枯叶“咔嚓”被踩碎,郁汶才后知后觉地惊醒。
“!”
肩膀被人从背后扣住,用力得几乎能从郁汶肩膀上撕下一块肉。
郁汶被快捏碎的力道折磨得痛叫出声:“疼!”
他脸色大变,迅速地扭过头,想看到底是谁那么大胆,竟然敢在医院行凶,结果——
却是熟人。
下巴被狠狠捏住抬起,被迫迎合刻薄青年的阴鸷眼神。
“你给他灌了什么迷魂药,竟然还带你来这里。”
郁汶被他捏得生疼,一时间升不起任何讨好对方的欲望,眉毛沉下,用力扭头,抽了黎玉林的手背一巴掌。
黎玉林没想到他会躲,竟被郁汶挣开。
郁汶恼怒地抿起唇,脑内响起警铃,努力思考着黎玉林说的话是什么意思。
无果。
黎玉林兴致全无,嫌恶地擦了擦刚刚与郁汶下巴接触的指腹,视线处映满对方下颌处挥之不去的红痕。
他还没用力,就红成这样。
黎玉林一想到葬礼时他被黎雾柏宣布成为自己的嫂子后,原本瞧不起的轻蔑彻底转变成反感。

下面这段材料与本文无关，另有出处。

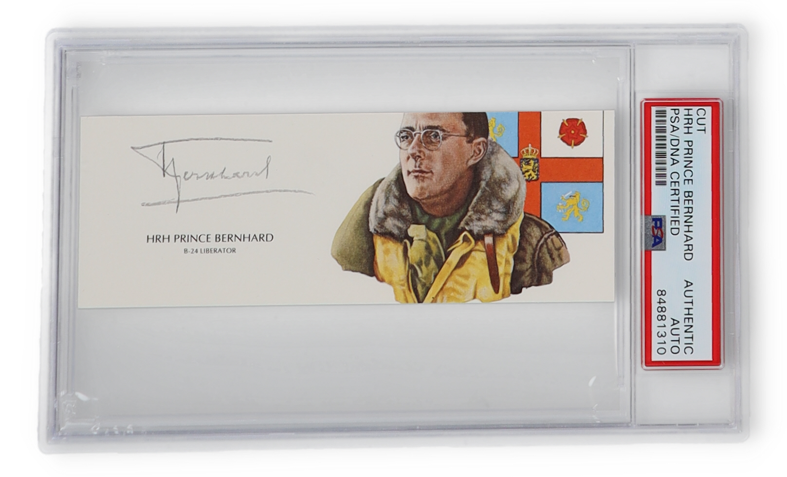 Calling all collectors and admirers of royalty and history! Up for auction is a truly exceptional piece—a signed cut signature of HRH Prince Bernhard, encapsulated and authenticated by the esteemed PSA/DNA authentication services.

蒋觅对这金丝雀的兴味并没有增加他的兴致,反倒越发让他从无感转变成讨厌。
父亲半年前就陆陆续续入院治疗,自两个月前病倒后,就暂时由大哥接管正在经营的项目,平时他会醒着与来探视自己的子女对话,但兴致不高的时候,就会将人拒之门外。
黎玉林今天照例碰了一鼻子灰。
所以,郁汶的出现更让他气不打一处来。
手背上没有感觉,但黎玉林意外瞥见红了一块,眉目凌厉地瞪视着郁汶。
郁汶还对黎玉林抱有一丝丝希望。
他见到黎玉林的眼神,内心暗叫了一声,可又不肯拉下脸和黎玉林道歉——毕竟是黎玉林自己先动手动脚的,难道还要把锅推到郁汶身上吗?
郁汶哼了一声:“怎么?就许你来这看病,不许我来吗?”
黎玉林被他噎了一句。
他冷笑着睨郁汶,当初在葬礼的时候他没有细看,如今近看,青年的皮肤比起黎玉林在会所不知细腻了多少倍。
可见对方这段时间过得有多滋润。
而就算郁汶不说,郁汶浑身上下的装束想也知道是谁替他一手操办的。
勾人的模样里哪里有一分替黎卓君守寡的欲望?恐怕别还在守寡期偷偷与人私通就谢天谢地了。
郁汶被他盯得浑身发毛。
如果说黎雾柏是令人逃脱不了的掌控感,黎玉林的眼神则更像……时时刻刻含着恶意般,狠狠刮过郁汶的皮肉。
难道等到黎雾柏斗不过对方时,他就要和这样阴毒的人合作吗?
郁汶发了个抖。
他忍不住忍住没把“神经病”骂出口:“我怎么知道你在这,未免把我想得太神通广大了吧?”
自恋狂。
郁汶默默在心里翻了白眼。
“就算是故意的,那也是大哥仁慈,谁叫我是他弟弟的妻子?”
郁汶故意拿出黎雾柏的名头来压黎玉林。
反正当初黎玉林在葬礼一言不发,不愿意承认他的身份,却又不敢跳出来直接反驳黎雾柏,鬼知道他是不是欺软怕硬啊?
换句话说,郁汶可是被黎雾柏承认的黎玉林的嫂子。
不过他没敢真让黎玉林叫他“嫂子”。
别说能不能真的逼到黎玉林这样叫,郁汶怕他这样做,以后黎玉林恼羞成怒,彻底断了郁汶的生路。
黎玉林与他冷冷对视。
尽管他同郁汶站在同一块地方,但阳光总不愿意眷顾他,阴鸷青年脸颊侧边被阴影吞没。
郁汶描摹了半分钟对方的面容,愣是没从里面发现与黎雾柏相似的特征,古怪地挪开视线。
“你不会……被大哥从家里赶了出来吧?”
郁汶眼皮跳了跳,黎玉林听完他的问题,不可置信地“啊”了一声,阴沉地指了指自己,“我?”
“你疯了?他敢赶我?”
郁汶直言不讳地道:“谁叫我从来没见过你回来住。”
他大放厥词的模样好像真显得他成了黎宅的主人,让黎玉林狠狠抽了抽眉,冷冷道,“还不是因为有谁在。”